A design system purpose built for industrial diagnostics, not a UI kit, but a framework for moving operators from raw data to confident action.
Following its separation from Asset 360, Atonix focused on monitoring and diagnostics for industrial assets. As the platform evolved toward predictive intelligence, the existing UX could not keep pace.
Monitoring provided real time visibility. Diagnostics delivered predictive insight and recommended action. But the two lived in disconnected experiences. Operators had to carry context manually between them at exactly the moment they could least afford the friction.
DesignOI was built to close that gap: a system architected around the cognitive demands of industrial diagnostics rather than adapted from general purpose UI patterns.
Each capability was designed in isolation. The seams showed exactly where they mattered most.
| Workflow | What existed | What was broken |
|---|---|---|
| Monitoring | Real time sensor visibility across the facility | Context did not carry forward into diagnostics |
| Alerting | Alert surfacing across monitored systems | No prioritization model, no cause and effect clarity |
| Diagnostics | Separate view requiring manual investigation | Operators had to reestablish context from scratch |
| Resolution | Work executed in a separate, disconnected system | No path from diagnosis to action within the product |
Structured around the four stage process expert operators use: detect, diagnose, understand, act.

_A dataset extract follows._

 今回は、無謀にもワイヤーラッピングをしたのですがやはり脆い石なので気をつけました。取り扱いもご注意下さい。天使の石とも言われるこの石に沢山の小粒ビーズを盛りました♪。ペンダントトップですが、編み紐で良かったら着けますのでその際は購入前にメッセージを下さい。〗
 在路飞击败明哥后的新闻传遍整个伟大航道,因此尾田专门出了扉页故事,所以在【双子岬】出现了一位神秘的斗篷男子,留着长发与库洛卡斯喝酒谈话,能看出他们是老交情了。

That sequence drove every architectural decision. Components were not designed to display data. They were designed to move operators through a decision, maintaining context so they never had to start over.
Each core product view was redesigned using DesignOI components, testing the framework against real operator workflows.

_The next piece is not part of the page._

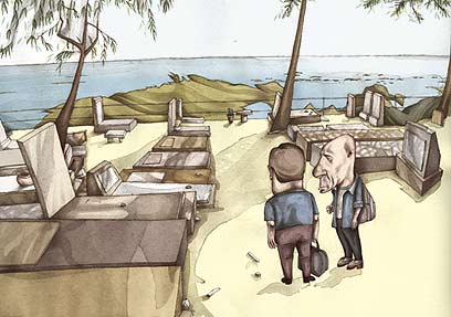 השביל חוצה את המושבה, מתעקל, מגיע אל כביש טבריה־צמח ונכנס לבית הקברות של כנרת. אני לא יודע איזה בית קברות ישראלי הוא השני ביופיו ובעניין שבו, אבל אין ספק שזה של כנרת הוא הראשון ברשימה. בזלת שחורה נושקת למים כחולים, עצי דקל גבוהים והיסטוריה ציבורית ופרטית בין האבנים. טמונים כאן גדולי האומה: מייסדי תנועת העבודה, חלוץ שדעתו נטרפה, אחר שספג בעיטת פרדה — וכמובן, קברה הקסום של רחל המשוררת וזה החדש של נעמי שמר.

If a component could not support the diagnostic workflow in practice, the system was wrong. Product and system evolved together.
Context carried forward. Operators investigate, not re-orient.
Progressive disclosure replaced modals. Depth without disorientation.
| Deliverable | What it covered | Why it mattered |
|---|---|---|
| System vision and principles | DesignOI architecture, the four stage framework, governing principles | Gave teams a shared model before any component work began |
| Component library | Foundations through workflow patterns, built for dense analytical interfaces | Eliminated redundant component design across features |
| Diagnostic interaction patterns | Progressive disclosure, in place expansion, context persistence across stages | Reduced modal reliance and context loss in complex workflows |
| Accessibility standards | Full keyboard nav, screen reader structure, focus management | Prevented costly retrofits and enabled expert user efficiency |
| Engineering partnership | Early-stage component implementation, design to build handoff | Reduced ambiguity and accelerated build cycles for new features |
These estimates are directional, based on design audits, early adoption signals, and industry benchmarks. Not measured outcomes from controlled studies.
DesignOI worked because it was designed around a specific cognitive model, not because it had a comprehensive component library. The framework came first. The components followed.